What to do: Return all of the entries below, word for word. Omit each picture.

Data extracted from a collection:
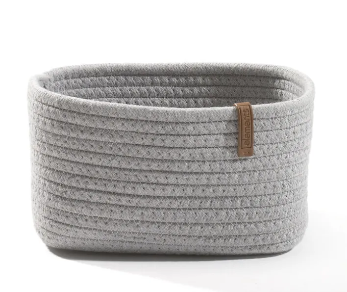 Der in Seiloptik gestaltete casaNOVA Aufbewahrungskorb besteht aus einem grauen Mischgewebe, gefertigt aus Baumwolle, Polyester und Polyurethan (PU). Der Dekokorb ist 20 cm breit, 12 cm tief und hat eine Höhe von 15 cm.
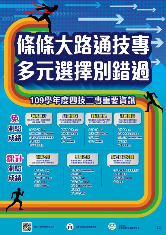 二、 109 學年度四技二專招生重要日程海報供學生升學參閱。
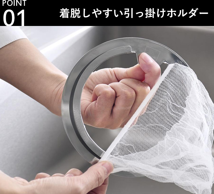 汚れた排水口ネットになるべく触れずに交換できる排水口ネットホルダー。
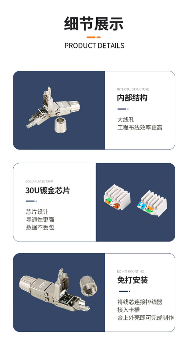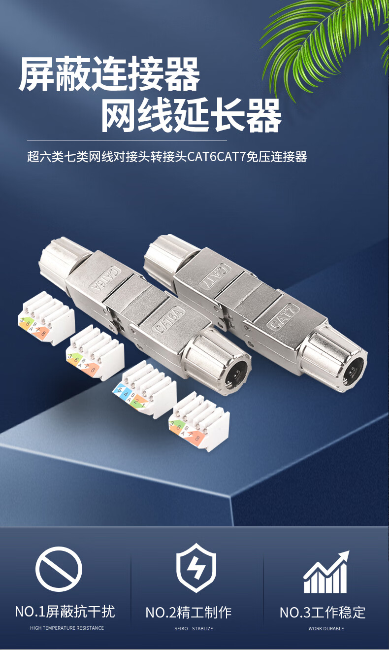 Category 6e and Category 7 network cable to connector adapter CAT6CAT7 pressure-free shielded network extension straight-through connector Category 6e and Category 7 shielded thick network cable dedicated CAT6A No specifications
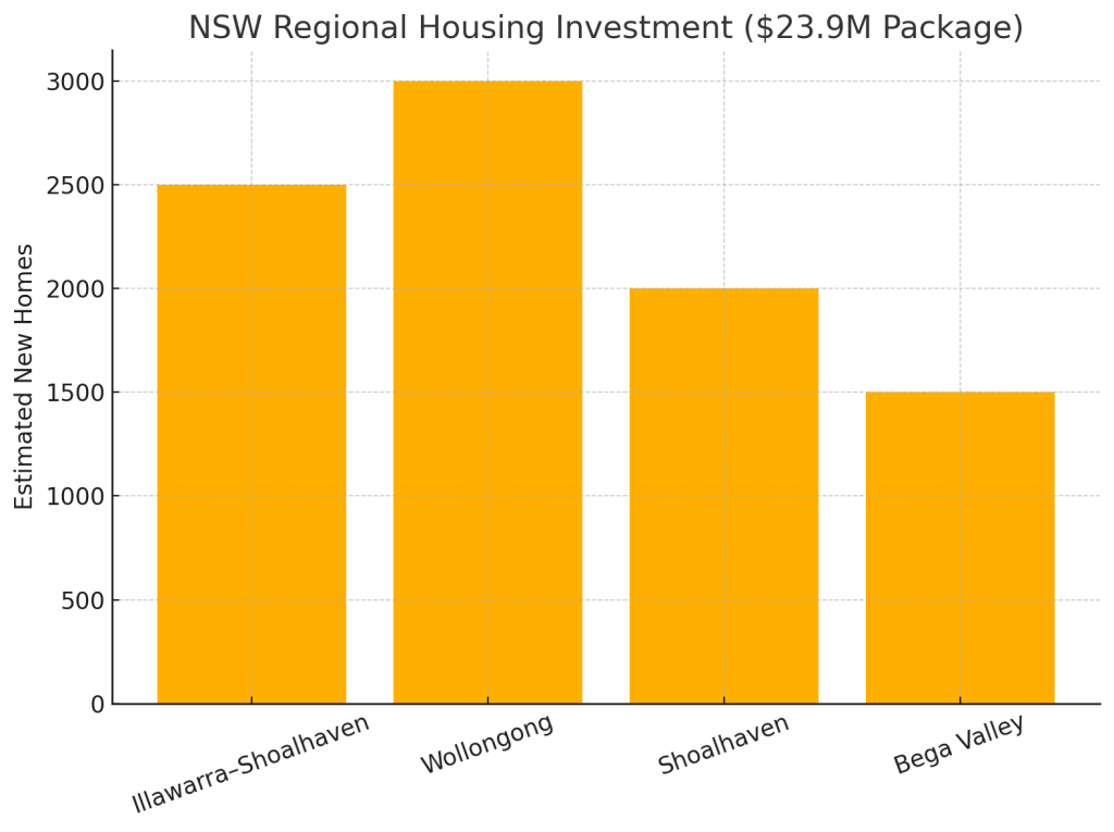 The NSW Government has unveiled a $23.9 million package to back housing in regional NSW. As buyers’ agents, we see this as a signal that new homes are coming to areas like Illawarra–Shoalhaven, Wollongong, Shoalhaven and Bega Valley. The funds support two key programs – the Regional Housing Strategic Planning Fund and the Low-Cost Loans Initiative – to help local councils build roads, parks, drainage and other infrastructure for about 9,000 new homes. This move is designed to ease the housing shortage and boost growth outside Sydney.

Solution below:
 Der in Seiloptik gestaltete casaNOVA Aufbewahrungskorb besteht aus einem grauen Mischgewebe, gefertigt aus Baumwolle, Polyester und Polyurethan (PU). Der Dekokorb ist 20 cm breit, 12 cm tief und hat eine Höhe von 15 cm.
 二、 109 學年度四技二專招生重要日程海報供學生升學參閱。
 汚れた排水口ネットになるべく触れずに交換できる排水口ネットホルダー。
 Category 6e and Category 7 network cable to connector adapter CAT6CAT7 pressure-free shielded network extension straight-through connector Category 6e and Category 7 shielded thick network cable dedicated CAT6A No specifications
 The NSW Government has unveiled a $23.9 million package to back housing in regional NSW. As buyers’ agents, we see this as a signal that new homes are coming to areas like Illawarra–Shoalhaven, Wollongong, Shoalhaven and Bega Valley. The funds support two key programs – the Regional Housing Strategic Planning Fund and the Low-Cost Loans Initiative – to help local councils build roads, parks, drainage and other infrastructure for about 9,000 new homes. This move is designed to ease the housing shortage and boost growth outside Sydney.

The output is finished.